== Brief ==
What should be copied is the stretch of entries below from the line with "If you would" up to and including the line with "Hand-blown decorative glass", exactly and without images.

== Data for this exercise ==
------------------------
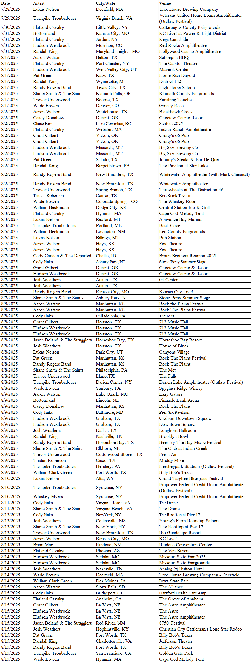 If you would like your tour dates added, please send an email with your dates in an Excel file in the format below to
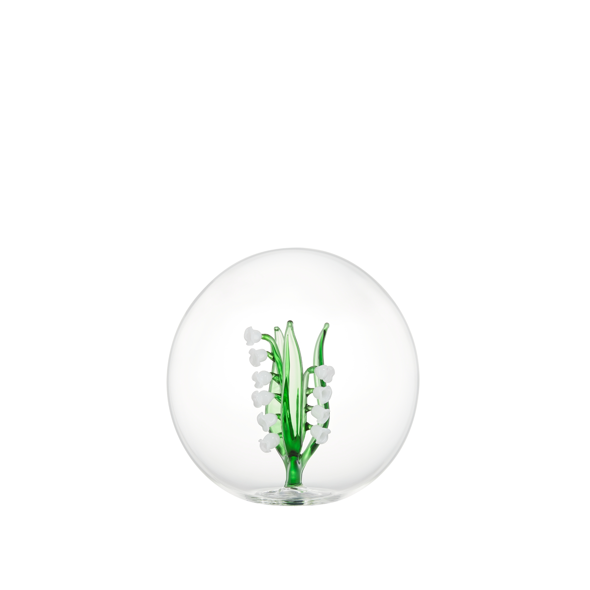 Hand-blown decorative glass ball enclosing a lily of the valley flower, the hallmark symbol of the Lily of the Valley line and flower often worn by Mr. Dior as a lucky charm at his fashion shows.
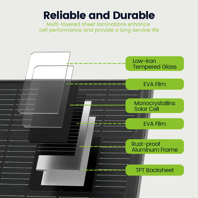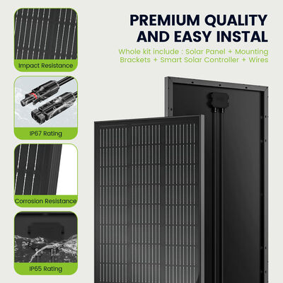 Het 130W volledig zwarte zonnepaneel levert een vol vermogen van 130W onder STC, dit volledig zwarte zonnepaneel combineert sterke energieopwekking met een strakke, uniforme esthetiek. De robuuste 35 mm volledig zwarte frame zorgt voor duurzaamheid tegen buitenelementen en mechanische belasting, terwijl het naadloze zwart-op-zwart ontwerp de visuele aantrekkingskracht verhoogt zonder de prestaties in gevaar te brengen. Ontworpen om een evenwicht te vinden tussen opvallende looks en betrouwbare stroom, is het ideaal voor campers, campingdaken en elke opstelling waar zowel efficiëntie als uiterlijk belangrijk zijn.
------------------------
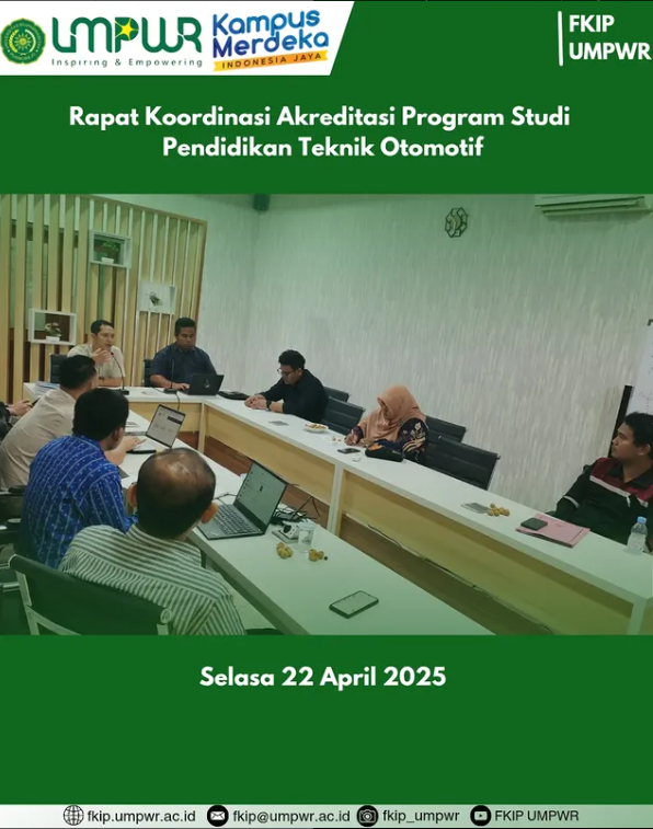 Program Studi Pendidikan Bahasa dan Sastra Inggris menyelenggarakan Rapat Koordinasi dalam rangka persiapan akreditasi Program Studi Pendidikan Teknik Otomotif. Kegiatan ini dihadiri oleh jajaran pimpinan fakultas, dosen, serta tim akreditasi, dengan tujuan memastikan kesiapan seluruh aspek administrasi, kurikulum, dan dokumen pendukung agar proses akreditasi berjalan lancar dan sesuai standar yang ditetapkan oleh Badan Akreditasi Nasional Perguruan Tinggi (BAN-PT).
------------------------
== Task output ==
 If you would like your tour dates added, please send an email with your dates in an Excel file in the format below to
 Hand-blown decorative glass ball enclosing a lily of the valley flower, the hallmark symbol of the Lily of the Valley line and flower often worn by Mr. Dior as a lucky charm at his fashion shows.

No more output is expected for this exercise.